> _What the task asks_
All records must be restated word for word.

Data extracted from a collection:
○ ○ ○ ○ ○
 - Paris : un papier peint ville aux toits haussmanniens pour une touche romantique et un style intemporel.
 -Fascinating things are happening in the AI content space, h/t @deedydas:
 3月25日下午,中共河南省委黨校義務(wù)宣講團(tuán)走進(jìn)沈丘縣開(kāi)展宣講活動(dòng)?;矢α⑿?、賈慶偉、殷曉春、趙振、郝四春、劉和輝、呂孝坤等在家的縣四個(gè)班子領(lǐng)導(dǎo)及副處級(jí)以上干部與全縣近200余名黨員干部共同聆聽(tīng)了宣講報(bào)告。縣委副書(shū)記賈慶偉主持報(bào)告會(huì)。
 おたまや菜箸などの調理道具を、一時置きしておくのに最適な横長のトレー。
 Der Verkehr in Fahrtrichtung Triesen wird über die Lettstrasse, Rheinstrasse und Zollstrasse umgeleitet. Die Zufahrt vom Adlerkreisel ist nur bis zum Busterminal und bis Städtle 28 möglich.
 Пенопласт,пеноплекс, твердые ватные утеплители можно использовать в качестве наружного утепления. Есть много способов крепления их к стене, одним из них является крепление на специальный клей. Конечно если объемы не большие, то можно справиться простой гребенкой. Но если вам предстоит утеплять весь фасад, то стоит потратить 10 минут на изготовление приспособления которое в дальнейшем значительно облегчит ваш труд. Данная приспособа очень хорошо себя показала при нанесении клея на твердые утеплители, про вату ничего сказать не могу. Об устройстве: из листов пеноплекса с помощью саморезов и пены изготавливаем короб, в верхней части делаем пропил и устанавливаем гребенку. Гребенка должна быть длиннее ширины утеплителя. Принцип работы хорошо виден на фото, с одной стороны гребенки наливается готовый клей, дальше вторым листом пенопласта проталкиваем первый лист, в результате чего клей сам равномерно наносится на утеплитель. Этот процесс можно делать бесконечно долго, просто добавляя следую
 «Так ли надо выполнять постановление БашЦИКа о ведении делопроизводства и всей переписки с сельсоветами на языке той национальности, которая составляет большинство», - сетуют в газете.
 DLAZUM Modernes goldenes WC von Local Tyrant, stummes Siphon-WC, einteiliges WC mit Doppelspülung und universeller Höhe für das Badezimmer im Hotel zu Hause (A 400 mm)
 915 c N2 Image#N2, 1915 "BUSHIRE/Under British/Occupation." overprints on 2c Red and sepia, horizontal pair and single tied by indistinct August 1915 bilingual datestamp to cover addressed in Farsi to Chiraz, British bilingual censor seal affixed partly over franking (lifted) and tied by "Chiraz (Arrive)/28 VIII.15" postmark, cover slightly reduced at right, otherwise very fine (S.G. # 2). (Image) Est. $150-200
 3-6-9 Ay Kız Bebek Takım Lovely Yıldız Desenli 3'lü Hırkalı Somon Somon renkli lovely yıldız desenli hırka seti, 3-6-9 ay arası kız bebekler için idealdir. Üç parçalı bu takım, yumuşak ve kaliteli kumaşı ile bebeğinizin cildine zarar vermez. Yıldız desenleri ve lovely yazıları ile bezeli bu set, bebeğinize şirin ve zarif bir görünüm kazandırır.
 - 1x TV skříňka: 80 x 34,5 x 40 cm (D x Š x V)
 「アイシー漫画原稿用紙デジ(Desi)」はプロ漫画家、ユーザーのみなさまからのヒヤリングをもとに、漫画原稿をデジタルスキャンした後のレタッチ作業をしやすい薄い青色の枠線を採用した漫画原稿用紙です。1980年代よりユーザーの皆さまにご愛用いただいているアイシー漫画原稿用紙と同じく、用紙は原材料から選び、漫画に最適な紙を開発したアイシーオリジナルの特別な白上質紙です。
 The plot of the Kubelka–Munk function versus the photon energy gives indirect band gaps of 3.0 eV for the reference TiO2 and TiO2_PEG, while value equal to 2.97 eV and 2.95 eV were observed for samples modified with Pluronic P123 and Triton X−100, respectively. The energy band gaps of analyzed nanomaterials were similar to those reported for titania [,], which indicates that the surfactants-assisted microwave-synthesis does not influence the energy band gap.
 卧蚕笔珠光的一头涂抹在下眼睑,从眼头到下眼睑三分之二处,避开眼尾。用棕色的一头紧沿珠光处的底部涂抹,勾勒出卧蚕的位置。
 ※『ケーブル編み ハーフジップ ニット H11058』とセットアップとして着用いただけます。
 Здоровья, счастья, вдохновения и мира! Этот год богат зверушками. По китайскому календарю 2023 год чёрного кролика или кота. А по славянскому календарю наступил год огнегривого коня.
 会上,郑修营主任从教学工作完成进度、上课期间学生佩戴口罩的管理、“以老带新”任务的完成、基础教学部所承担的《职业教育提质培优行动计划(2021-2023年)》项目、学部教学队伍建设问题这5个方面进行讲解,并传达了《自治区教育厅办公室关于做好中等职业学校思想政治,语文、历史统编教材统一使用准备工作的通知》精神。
○ ○ ○ ○ ○
> _Solved problem_
 - Paris : un papier peint ville aux toits haussmanniens pour une touche romantique et un style intemporel.
 -Fascinating things are happening in the AI content space, h/t @deedydas:
 3月25日下午,中共河南省委黨校義務(wù)宣講團(tuán)走進(jìn)沈丘縣開(kāi)展宣講活動(dòng)?;矢α⑿?、賈慶偉、殷曉春、趙振、郝四春、劉和輝、呂孝坤等在家的縣四個(gè)班子領(lǐng)導(dǎo)及副處級(jí)以上干部與全縣近200余名黨員干部共同聆聽(tīng)了宣講報(bào)告。縣委副書(shū)記賈慶偉主持報(bào)告會(huì)。
 おたまや菜箸などの調理道具を、一時置きしておくのに最適な横長のトレー。
 Der Verkehr in Fahrtrichtung Triesen wird über die Lettstrasse, Rheinstrasse und Zollstrasse umgeleitet. Die Zufahrt vom Adlerkreisel ist nur bis zum Busterminal und bis Städtle 28 möglich.
 Пенопласт,пеноплекс, твердые ватные утеплители можно использовать в качестве наружного утепления. Есть много способов крепления их к стене, одним из них является крепление на специальный клей. Конечно если объемы не большие, то можно справиться простой гребенкой. Но если вам предстоит утеплять весь фасад, то стоит потратить 10 минут на изготовление приспособления которое в дальнейшем значительно облегчит ваш труд. Данная приспособа очень хорошо себя показала при нанесении клея на твердые утеплители, про вату ничего сказать не могу. Об устройстве: из листов пеноплекса с помощью саморезов и пены изготавливаем короб, в верхней части делаем пропил и устанавливаем гребенку. Гребенка должна быть длиннее ширины утеплителя. Принцип работы хорошо виден на фото, с одной стороны гребенки наливается готовый клей, дальше вторым листом пенопласта проталкиваем первый лист, в результате чего клей сам равномерно наносится на утеплитель. Этот процесс можно делать бесконечно долго, просто добавляя следую
 «Так ли надо выполнять постановление БашЦИКа о ведении делопроизводства и всей переписки с сельсоветами на языке той национальности, которая составляет большинство», - сетуют в газете.
 DLAZUM Modernes goldenes WC von Local Tyrant, stummes Siphon-WC, einteiliges WC mit Doppelspülung und universeller Höhe für das Badezimmer im Hotel zu Hause (A 400 mm)
 915 c N2 Image#N2, 1915 "BUSHIRE/Under British/Occupation." overprints on 2c Red and sepia, horizontal pair and single tied by indistinct August 1915 bilingual datestamp to cover addressed in Farsi to Chiraz, British bilingual censor seal affixed partly over franking (lifted) and tied by "Chiraz (Arrive)/28 VIII.15" postmark, cover slightly reduced at right, otherwise very fine (S.G. # 2). (Image) Est. $150-200
 3-6-9 Ay Kız Bebek Takım Lovely Yıldız Desenli 3'lü Hırkalı Somon Somon renkli lovely yıldız desenli hırka seti, 3-6-9 ay arası kız bebekler için idealdir. Üç parçalı bu takım, yumuşak ve kaliteli kumaşı ile bebeğinizin cildine zarar vermez. Yıldız desenleri ve lovely yazıları ile bezeli bu set, bebeğinize şirin ve zarif bir görünüm kazandırır.
 - 1x TV skříňka: 80 x 34,5 x 40 cm (D x Š x V)
 「アイシー漫画原稿用紙デジ(Desi)」はプロ漫画家、ユーザーのみなさまからのヒヤリングをもとに、漫画原稿をデジタルスキャンした後のレタッチ作業をしやすい薄い青色の枠線を採用した漫画原稿用紙です。1980年代よりユーザーの皆さまにご愛用いただいているアイシー漫画原稿用紙と同じく、用紙は原材料から選び、漫画に最適な紙を開発したアイシーオリジナルの特別な白上質紙です。
 The plot of the Kubelka–Munk function versus the photon energy gives indirect band gaps of 3.0 eV for the reference TiO2 and TiO2_PEG, while value equal to 2.97 eV and 2.95 eV were observed for samples modified with Pluronic P123 and Triton X−100, respectively. The energy band gaps of analyzed nanomaterials were similar to those reported for titania [,], which indicates that the surfactants-assisted microwave-synthesis does not influence the energy band gap.
 卧蚕笔珠光的一头涂抹在下眼睑,从眼头到下眼睑三分之二处,避开眼尾。用棕色的一头紧沿珠光处的底部涂抹,勾勒出卧蚕的位置。
 ※『ケーブル編み ハーフジップ ニット H11058』とセットアップとして着用いただけます。
 Здоровья, счастья, вдохновения и мира! Этот год богат зверушками. По китайскому календарю 2023 год чёрного кролика или кота. А по славянскому календарю наступил год огнегривого коня.
 会上,郑修营主任从教学工作完成进度、上课期间学生佩戴口罩的管理、“以老带新”任务的完成、基础教学部所承担的《职业教育提质培优行动计划(2021-2023年)》项目、学部教学队伍建设问题这5个方面进行讲解,并传达了《自治区教育厅办公室关于做好中等职业学校思想政治,语文、历史统编教材统一使用准备工作的通知》精神。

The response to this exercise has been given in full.